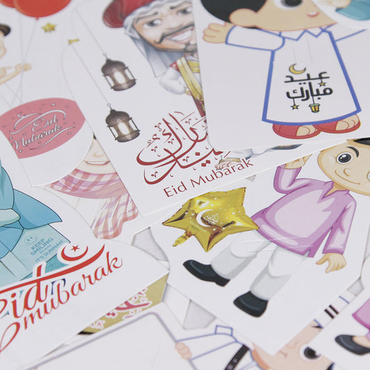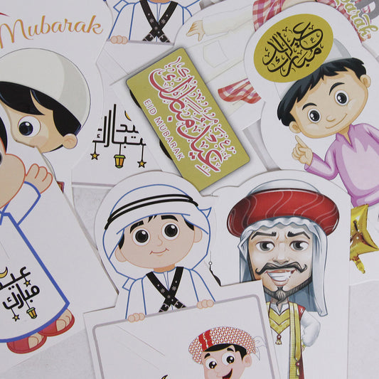 Eid Mubarak Cartoon Character Design Money Envelope - 10 Pcs
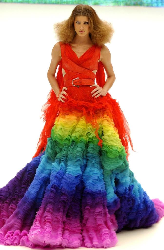 Then came the grand finale: a burst of color and life inspired by the Amazon’s flora and fauna. Feathered headpieces and vibrant dresses mimicked tropical birds, with a breathtaking gown featuring rainbow tulle ruffles stealing the show. Transparent block-heeled shoes, complete with butterflies inside, added whimsical charm. The mood was celebratory—a metamorphosis from chaos to beauty.
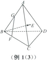 (3)$\frac{\sqrt{42}}{21}$【解析】根据题意,$BE\perp$平面$ACD$,因此,直线$FG$与平面$ACD$所成角的正弦值即为直线$FG$与直线$BE$所成角的余弦值的绝对值。$\overrightarrow{BE}=\frac{1}{3}(\overrightarrow{BA}+\overrightarrow{BC}+\overrightarrow{BD})$,则$\overrightarrow{BE^{2}}=\frac{1}{9}(\overrightarrow{BA^{2}}+\overrightarrow{BC^{2}}+\overrightarrow{BD^{2}}+2\overrightarrow{BA}·\overrightarrow{BC}+2\overrightarrow{BA}·\overrightarrow{BD}+2\overrightarrow{BC}·\overrightarrow{BD})=\frac{1}{9}×(4 + 4 + 4 + 4 + 4 + 4)=\frac{24}{9}$,即$|\overrightarrow{BE}|=\frac{2\sqrt{6}}{3}$。$\overrightarrow{FG}=\frac{1}{2}\overrightarrow{BA}-\frac{1}{3}\overrightarrow{BC}$,且$|\overrightarrow{FG}|=|\frac{1}{2}\overrightarrow{BA}-\frac{1}{3}\overrightarrow{BC}|=\sqrt{(\frac{1}{2}\overrightarrow{BA}-\frac{1}{3}\overrightarrow{BC})^{2}}=\sqrt{\frac{1}{4}\overrightarrow{BA^{2}}+\frac{1}{9}\overrightarrow{BC^{2}}-\frac{1}{3}\overrightarrow{BA}·\overrightarrow{BC}}=\sqrt{\frac{1}{4}×4+\frac{1}{9}×4-\frac{1}{3}×2}=\frac{\sqrt{7}}{3}$,故$\cos\langle\overrightarrow{BE},\overrightarrow{FG}\rangle=\frac{\overrightarrow{BE}·\overrightarrow{FG}}{|\overrightarrow{BE}|·|\overrightarrow{FG}|}=\frac{\frac{1}{3}(\overrightarrow{BA}+\overrightarrow{BC}+\overrightarrow{BD})·(\frac{1}{2}\overrightarrow{BA}-\frac{1}{3}\overrightarrow{BC})}{\frac{2\sqrt{6}}{3}×\frac{\sqrt{7}}{3}}=\frac{\frac{1}{3}(\frac{1}{2}\overrightarrow{BA^{2}}+\frac{1}{6}\overrightarrow{BA}·\overrightarrow{BC}+\frac{1}{2}\overrightarrow{BA}·\overrightarrow{BD}-\frac{1}{3}\overrightarrow{BC^{2}}-\frac{1}{3}\overrightarrow{BC}·\overrightarrow{BD})}{\frac{2\sqrt{6}}{3}×\frac{\sqrt{7}}{3}}=\frac{\frac{1}{3}×(2+\frac{1}{3}+1-\frac{4}{3}-\frac{2}{3})}{\frac{2\sqrt{6}}{3}×\frac{\sqrt{7}}{3}}=\frac{\frac{4}{9}}{\frac{2\sqrt{6}}{3}×\frac{\sqrt{7}}{3}}=\frac{\sqrt{42}}{21}$,则直线$FG$与平面$ACD$所成角的正弦值为$\frac{\sqrt{42}}{21}$。
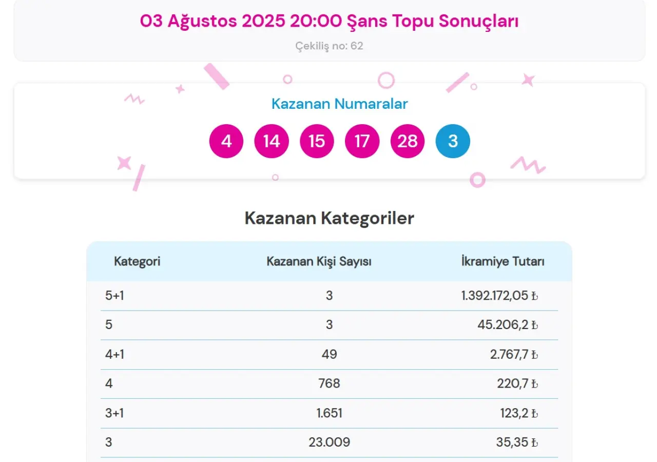 2025 yılının 62., Ağustos ayının ilk ve haftanın da son Şans Topu çekilişi yapıldı. 3 Ağustos 2025 Pazar akşamı saat 20 itibariyle gerçekleştirilen çekilişin sonuçları Milli Piyango İdaresi resmi web sitesinden yayımlandı. Temmuz ayının son çekilişinde devreden büyük ikramiye, geçtiğimiz Çarşamba gününden bu yana birikmeye devam ediyordu. Son 4 günde oynanan kuponlarla birlikte toplam büyük ikramiye rakamı 4 milyon liranın üzerine çıktı. Yeni ayın ilk 5+1 çekilişinde takribi 4 milyon TL’lik ikramiyeyi 3 kişinin bildiği görüldü. Böylece her bir talihli vergiler düşülmeden önce yaklaşık 1,4’er milyon TL’lik para ödülü kazanmış oldu.
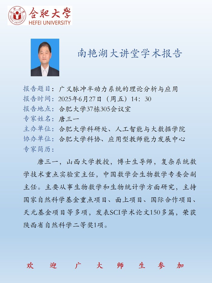 【南艳湖大讲堂】广义脉冲半动力系统的理论分析与应用
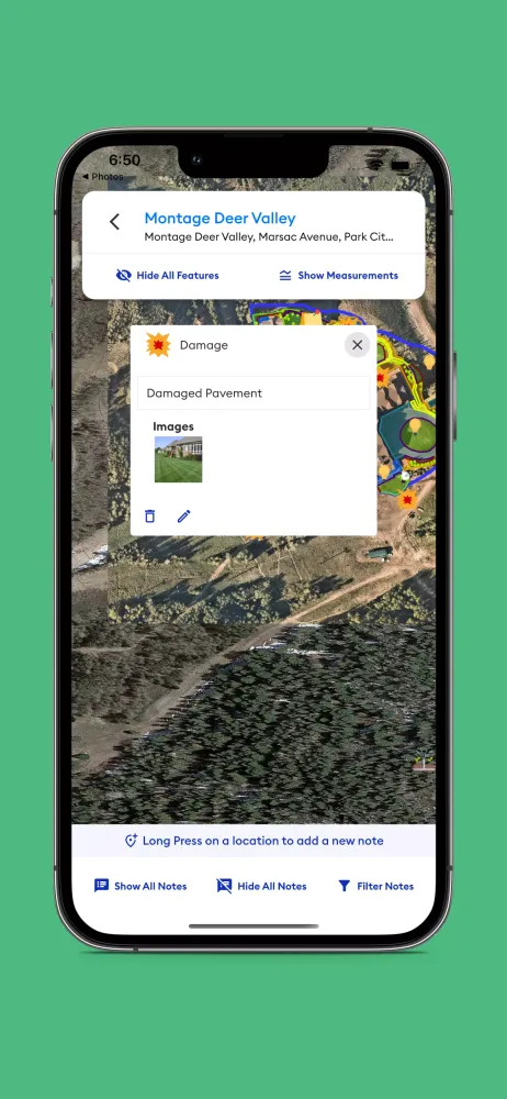 - Pin Notes: Drop a pin anywhere on the property and add detailed notes.
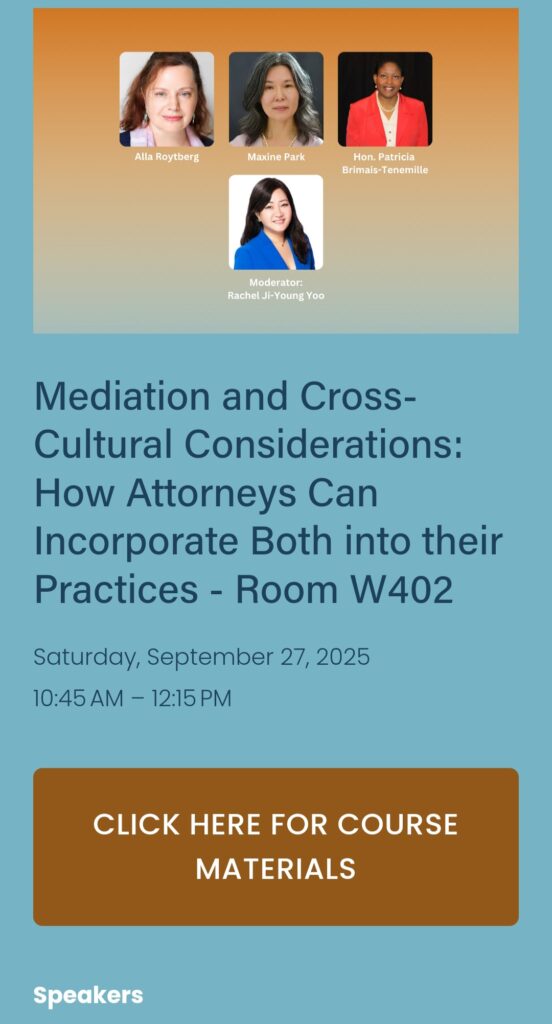 Rachel J. Yoo, Esq., Founder and Partner of Yoo Law Group, serves as a moderator for the program Mediation and Cross-Cultural Considerations and is the Co-Chair of ADR at AABANY.
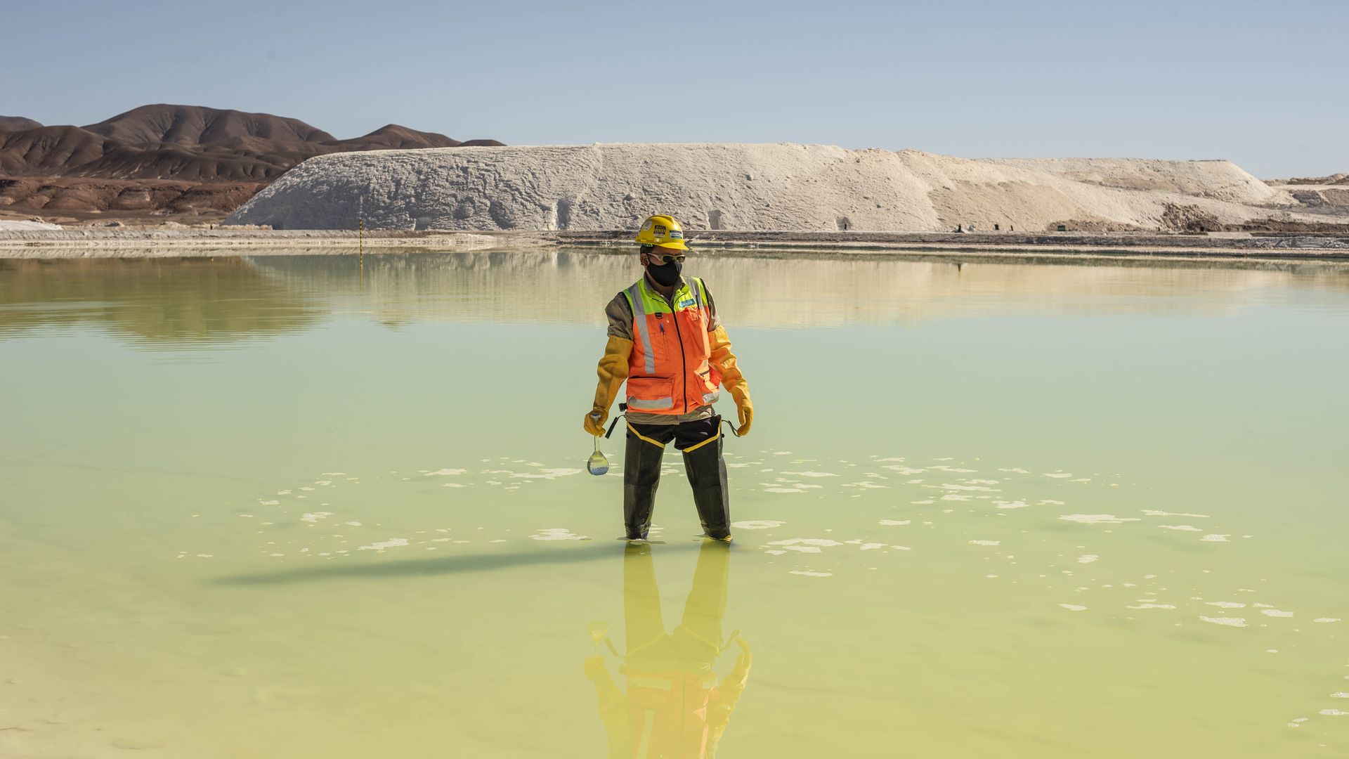 A worker at an Albemarle Corp. lithium mine in Calama, Chile. Photo: Cristobal Olivares/Bloomberg via Getty Images
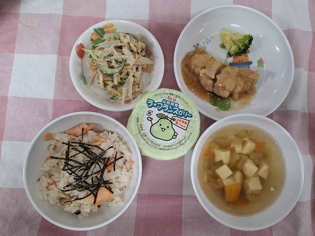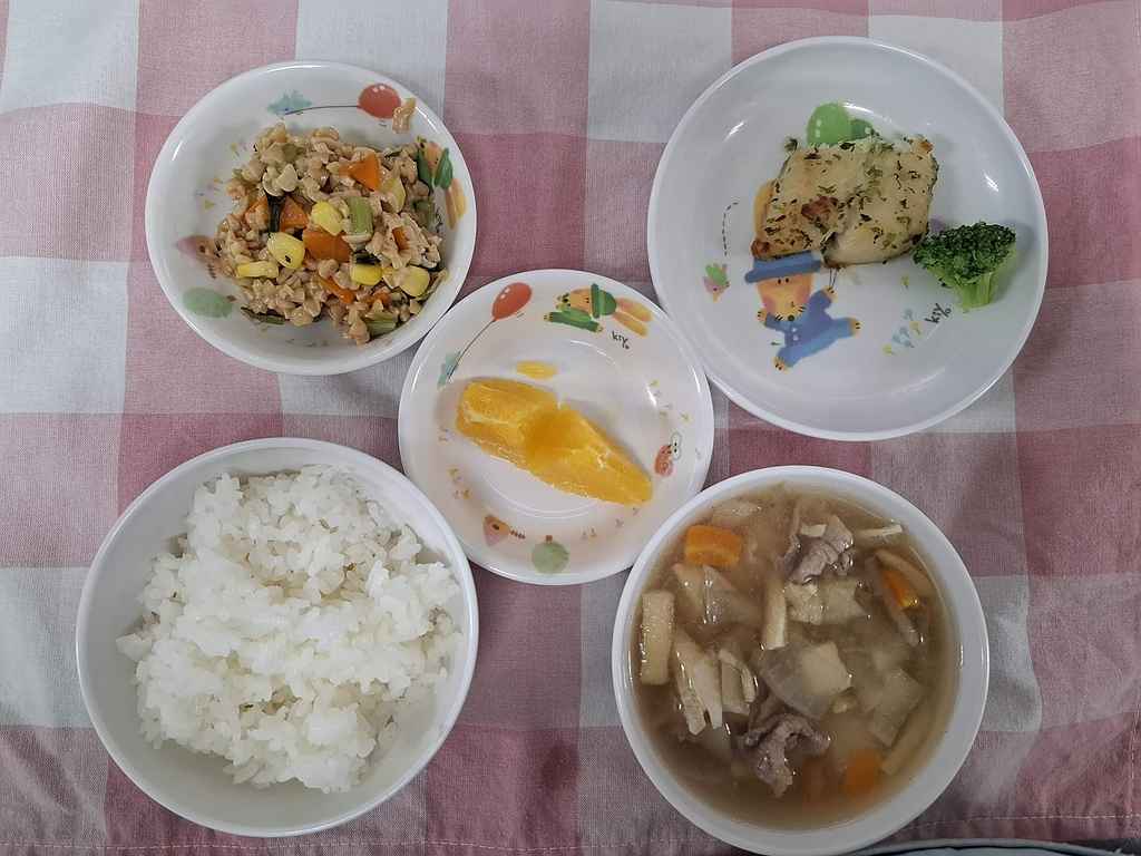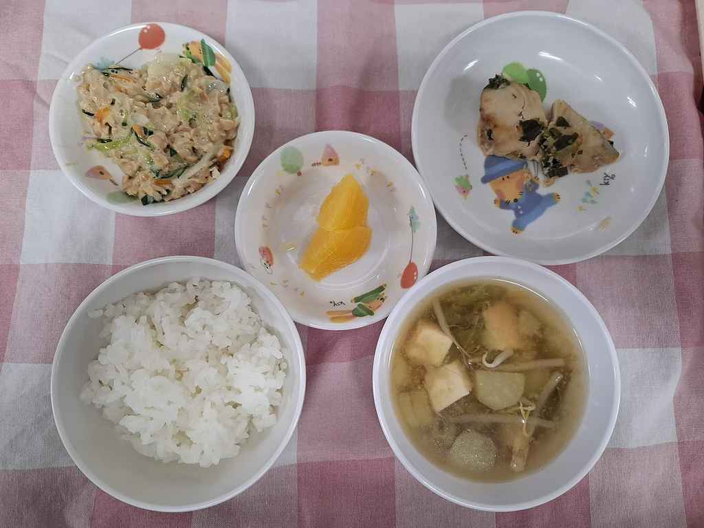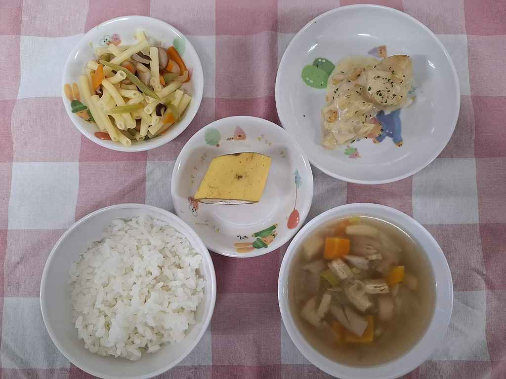 �本日の給食 11/7更新![]() 10/6 ごはん けんちん汁 うさぎハンバーグ キャベツとリンゴのサラダ お月見ゼリー ![]() 10/3 チキンカレーライス 野菜スープ ブロッコリーのごま和えサラダ バナナ ![]() 10/2 ごはん 沢煮椀 かれいの煮魚 さつま芋の甘煮 グレープフルーツ ![]() 10/1 五目ラーメン 焼きギョウザ 豆乳きな粉デザート ![]() 9/30 ハヤシライス ABCスープ ピーマンと野菜のごま和え バナナ ![]() 9/29 ごはん すまし汁 さわらのみそ照り焼き そぼろ納豆和え ももゼリー ![]() 9/26 秋いっぱいカレーライス 野菜スープ 青梗菜の昆布和え 豆乳デザート ![]() 9/25 ごはん 沢煮椀 鮭の塩麴焼き さつま芋の甘煮 オレンジ ![]() 9/24 照り焼きハンバーガー トマト入り野菜スープ サウピカンサラダ みかんゼリー ![]() 9/22 ごはん 豚汁 かれいの磯辺焼き カラフル納豆和え オレンジ ![]() 9/19 運動会ごほうびメニュー ナポリタンスパゲティ 野菜スープ 肉団子 フライドポテト 豆乳プリン ![]() 9/17 ごはん なすのみそ汁 メンチカツ 切干大根の煮物 バナナ ![]() 9/16 ごはん 麩のすまし汁 ハンバーグ ほうれん草の納豆和え ももゼリー ![]() 9/12 ごはん 五目汁 たらのコーンクリーム焼き マカロニ炒め バナナ ![]() 9/11 ごはん おくらのみそ汁 豆腐入り松風焼き じゃが芋のフライ オレンジ ![]() 9/10 鮭としめじの味付けごはん すまし汁 照り焼きチキン れんこんとごぼうのサラダ ラフランスゼリー ![]() 9/9 ごはん わかめスープ 厚揚げと豚肉の中華煮 大学芋 バナナ ![]() 9/8 ごはん なすのみそ汁 さわらの香味焼き 和風納豆サラダ オレンジ ![]() 9/5 ポークカレーライス ほうれん草のスープ キャベツナサラダ グレープゼリー ![]() 9/4 ごはん 切干大根のスープ かれいのパン粉焼き 南瓜のサラダ オレンジ |
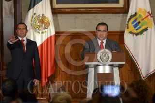 XALAPA,VERACRUZ, 25FEBRERO2014.-El gobernador Javier Duarte de Ochoa, acompañado por secretarios del gabinete, tomó protesta a Luis Ángel Bravo Contreras como Procurador General de Justicia. FOTO: RUBÉN ESPINOSA /CUARTOSCURO.COM
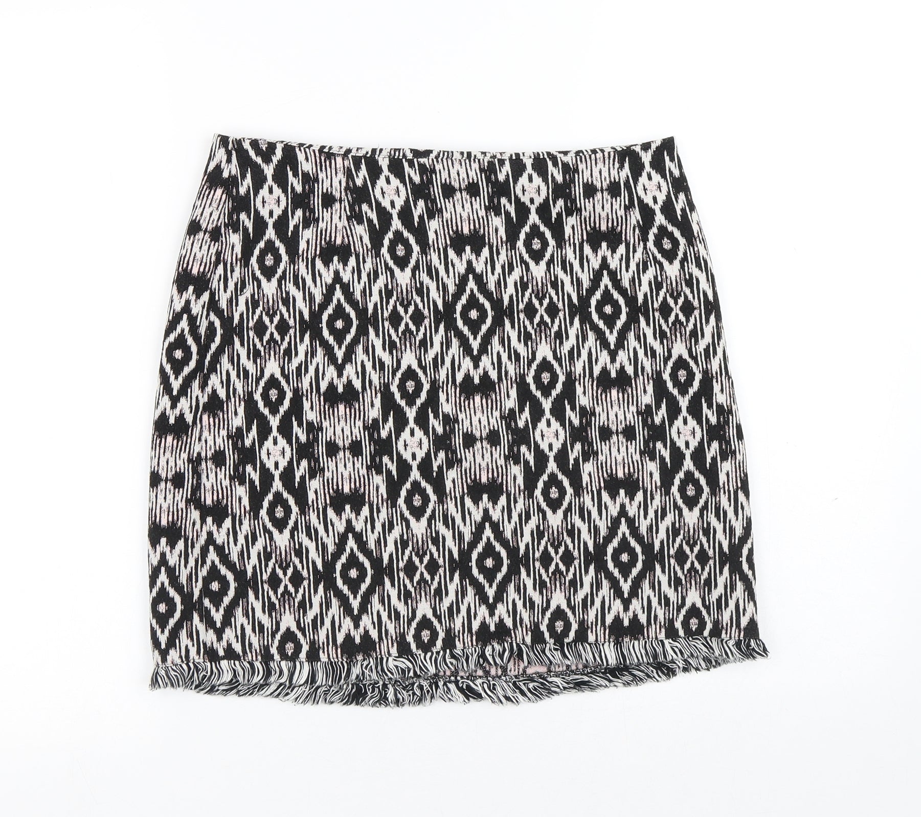 New Look Womens Multicoloured Geometric Polyester A-Line Skirt Size 8 Zip
------------
Your goal -> Reproduce exactly, with nothing added, the lines from the line with "A worker at" through the end of the entries above; pictures are to be left out.

Result ->
 A worker at an Albemarle Corp. lithium mine in Calama, Chile. Photo: Cristobal Olivares/Bloomberg via Getty Images
 �本日の給食 11/7更新![]() 10/6 ごはん けんちん汁 うさぎハンバーグ キャベツとリンゴのサラダ お月見ゼリー ![]() 10/3 チキンカレーライス 野菜スープ ブロッコリーのごま和えサラダ バナナ ![]() 10/2 ごはん 沢煮椀 かれいの煮魚 さつま芋の甘煮 グレープフルーツ ![]() 10/1 五目ラーメン 焼きギョウザ 豆乳きな粉デザート ![]() 9/30 ハヤシライス ABCスープ ピーマンと野菜のごま和え バナナ ![]() 9/29 ごはん すまし汁 さわらのみそ照り焼き そぼろ納豆和え ももゼリー ![]() 9/26 秋いっぱいカレーライス 野菜スープ 青梗菜の昆布和え 豆乳デザート ![]() 9/25 ごはん 沢煮椀 鮭の塩麴焼き さつま芋の甘煮 オレンジ ![]() 9/24 照り焼きハンバーガー トマト入り野菜スープ サウピカンサラダ みかんゼリー ![]() 9/22 ごはん 豚汁 かれいの磯辺焼き カラフル納豆和え オレンジ ![]() 9/19 運動会ごほうびメニュー ナポリタンスパゲティ 野菜スープ 肉団子 フライドポテト 豆乳プリン ![]() 9/17 ごはん なすのみそ汁 メンチカツ 切干大根の煮物 バナナ ![]() 9/16 ごはん 麩のすまし汁 ハンバーグ ほうれん草の納豆和え ももゼリー ![]() 9/12 ごはん 五目汁 たらのコーンクリーム焼き マカロニ炒め バナナ ![]() 9/11 ごはん おくらのみそ汁 豆腐入り松風焼き じゃが芋のフライ オレンジ ![]() 9/10 鮭としめじの味付けごはん すまし汁 照り焼きチキン れんこんとごぼうのサラダ ラフランスゼリー ![]() 9/9 ごはん わかめスープ 厚揚げと豚肉の中華煮 大学芋 バナナ ![]() 9/8 ごはん なすのみそ汁 さわらの香味焼き 和風納豆サラダ オレンジ ![]() 9/5 ポークカレーライス ほうれん草のスープ キャベツナサラダ グレープゼリー ![]() 9/4 ごはん 切干大根のスープ かれいのパン粉焼き 南瓜のサラダ オレンジ |
 XALAPA,VERACRUZ, 25FEBRERO2014.-El gobernador Javier Duarte de Ochoa, acompañado por secretarios del gabinete, tomó protesta a Luis Ángel Bravo Contreras como Procurador General de Justicia. FOTO: RUBÉN ESPINOSA /CUARTOSCURO.COM
 New Look Womens Multicoloured Geometric Polyester A-Line Skirt Size 8 Zip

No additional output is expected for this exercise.